Bitkisel vurgun
Son dönemde bir bitkisel ilaç çılgınlığı almış başını gidiyor.
Televizyonlar ve gazeteler adeta bu bitkisel çılgınlığı had safhaya çıkarmış durumda.
Televizyona her gün bir profesör çıkıyor ve bir bitkiden bahsediyor.
Ertesi günü Eminönü’ndeki aktarların önünde büyük kuyruklar oluşuyor.
Atkuyruğu, susam yağı, kekik otu ve daha binlercesi.
Yıllar önce Anadolu’da insanlar doktora gitmez, eczacıya giderdi.
Farmakoloji ilmi eğitimi almış eczacılar da doktorlar kadar bilgili olduğundan hastalığını söylediğin an sana bir ilaç verirdi.
İşte Türkiye belki de 40 yıl öncesinin o dönemine geri döndü.
Ancak bu defa farmakoloji eğitimi almış eczacıya değil aktara koştu.
Söyle derdini versin sana en iyi bitki ilacını.
Eminönü’nde daha birkaç yıl öncesine kadar sıradan bir esnaf olan baharatçılar ve aktarlar bugün trilyonluk ciroları olan dev anomin şirketi oldu.
İlaç şirketleri kendi ilaçlarını yazdırmak için doktorlara adeta yalvarırken, aktarlar tok satıcı.
Çünkü Türkiye’de ilaç reklamı yasak. Ama bitkisel ilaç reklamı serbest.
Kimsenin branşını sormadığı sadece profesör ünvanı olduğu için itibar gösterilen kişilerin ağzından çıkan her kelime trilyonluk reklamdan daha önemli.
İşte bu gelişmeler ilginç vurgunlara da neden oluyor.
Son dönemde Türkiye domuz gribi ile yatıp kalkıyor.
Hijyenik madde üretenler büyük cirolara ulaştı.
Sadece halkın bilinçsiz takıntısı yüzünden.

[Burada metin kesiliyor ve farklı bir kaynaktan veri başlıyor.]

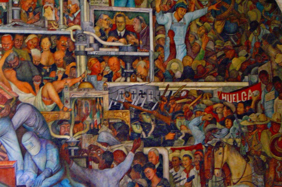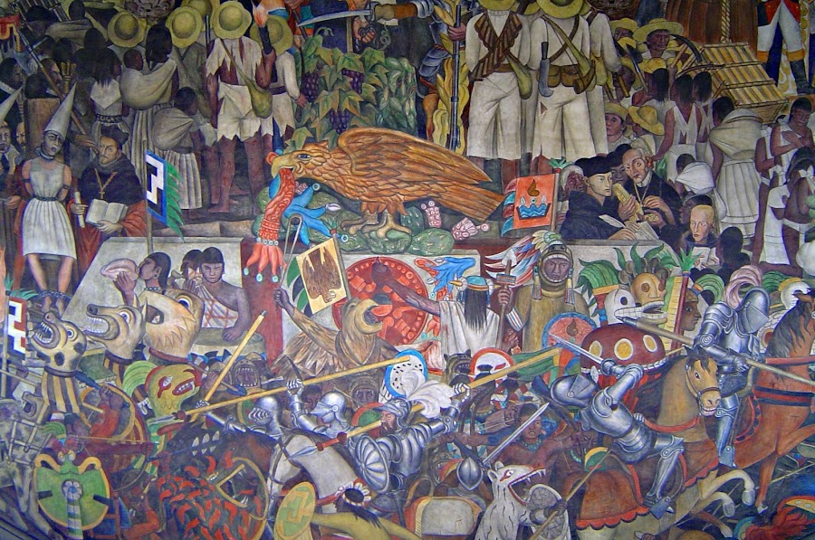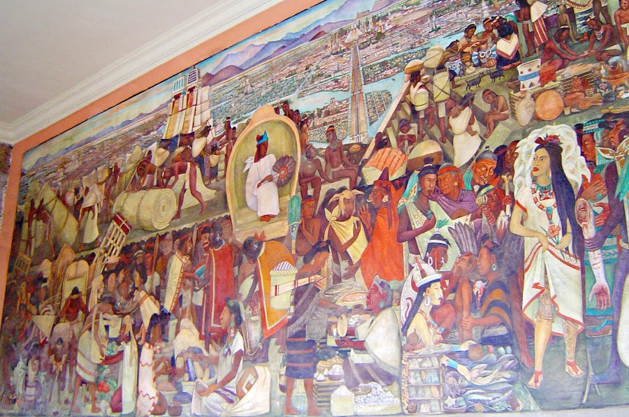 Pero lo que realmente destaca se encuentra dentro, los murales que Diego Rivera pintó entre 1929 y 1935 al calor de la Revolución. Si nos detenemos delante de cada uno de ellos, por ejemplo delante de " La Historia de México", vemos una visión partidista, entendida como la lucha entre los buenos ( pueblos precolombinos, caudillos independentistas y revolucionarios) y malos ( colonialistas, conservadores y capitalistas).

Şimdi de bir bağışıklık sistemi güçlendirme modası çıkmış.
Kilosu daha birkaç ay öncesine kadar 10 liradan satılan ve kimsenin yüzüne bile bakmadığı ekinezya bitkisi son günlerin en çok prim yapan maddesi oldu.
Bağışıklık sistemini güçlendirdiği iddia edilen bu bitkinin şu an kilosu 150 bin lira civarında satılıyor.
İddialar oldukça ilginç.
Baharatçılar öfke dolu.
Çünkü hemen hemen her gün bir televizyonda çıkan bir profesör bu bitkiyi önce toplamış sonra önermiş.
“Domuz gribinden korunmak için bu bitkiyi kullanın”
İşte bu cümle ekinezya bitkisinin satışlarını patlatmış.
Tabii ki fiyatını da.
Ne altın, ne borsa ve ne de dolar böyle bir artış görmedi.
Sonuç olarak 10 liralık bir bitki 150 bin liraya piyasada alıcı buluyor.
Yine aynı iddialara göre, bu bitki bu profesörün internet sitesinde tablet haline getirilerek satılıyor.
Bir ilacın, piyasada satılması için en az 3 yıllık bir süreç gerekirken, bir bitkisel ilaç 1 haftada piyasada satılır hale getiriliyor.
Tarım Bakanlığı’na bir dilekçe veriyorsun, iş bitiyor.
Sonra gelsin paralar.
Eczacılık fakülteleri öğretim üyeleri feryat ediyor ama duyan yok.
Çünkü duyması gerekenler bile bu bitkisel çılgınlığa kendilerini kaptırmış gidiyorlar.
Arada da sadece kendini prof. ve doç. olarak tanıtan insanlar kazanıyor.
Kimse çıkıp da arkadaş sen profesörsün de branşın ne demiyor.